The current standard treatment, at least in Europe, for patients with primarily resectable tumors, consists of surgery followed by adjuvant chemotherapy. But even in this prognostic favourable group, long term survival is disappointing because of high local and distant failure rates. Postoperative chemoradiation has shown improved local control and overalls survival compared to surgery alone but the value of additional radiation has been questioned in case of adjuvant chemotherapy. However, there remains a strong rationale for the addition of radiation therapy considering the high rates of microscopically incomplete resections after surgery. As postoperative administration of radiation therapy has some general disadvantages, neoadjuvant and intraoperative approaches theoretically offer benefits in terms of dose escalation, reduction of toxicity and patients comfort especially if hypofractionated regimens with highly conformal techniques like intensity-modulated radiation therapy are considered.
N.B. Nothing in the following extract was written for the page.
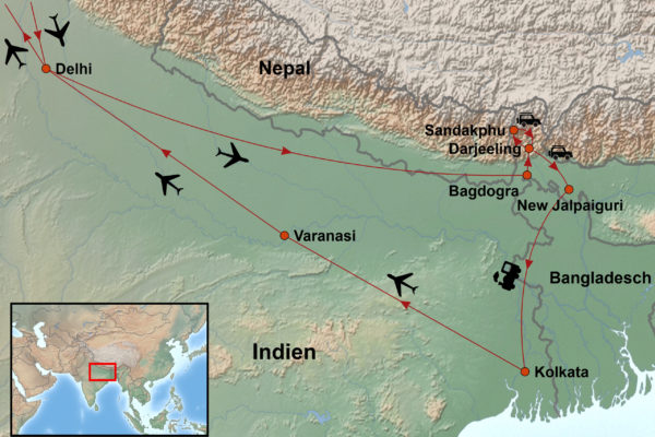 Auf dieser 12-tägigen Reise lernen Sie Indiens Schätze näher kennen. Von smaragdgrünen Teeplantagen über gigantische Berge, facettenreiche Städte bis hin zu kleinen traditionellen Dörfern bietet diese Indien-Reise ein sehr abwechslungsreiches Programm. Begonnen wird in der für ihren Schwarztee bekannten Stadt, Darjeeling. Umgeben von Hügeln und Bergen findet man in Darjeeling viele koloniale Bauten, buddhistische Klöster und noch vieles mehr. Nach einem Ausflug nach Sandakphu im Singalila Nationalpark kehren Sie für eine weitere Nacht zurück nach Darjeeling, bevor es dann nach New Jalpaiguri und mit dem Nachtzug weiter nach Kolkata geht. In Kolkata haben Sie zwei Tage Zeit um die abwechslungsreiche Stadt zu erkunden. Die letzten Tage Ihrer Reise verbringen Sie in Varanasi. Bevor Sie die Heimreise antreten, haben Sie tagsüber noch Zeit Delhi zu besichtigen.

METHODS/DESIGN: The NEOPANC trial is a prospective, one armed, single center phase I/II study investigating a combination of neoadjuvant short course intensity-modulated radiation therapy (5 × 5 Gy) in combination with surgery and intraoperative radiation therapy (15 Gy), followed by adjuvant chemotherapy according to the german treatment guidelines, in patients with primarily resectable pancreatic cancer. The aim of accrual is 46 patients.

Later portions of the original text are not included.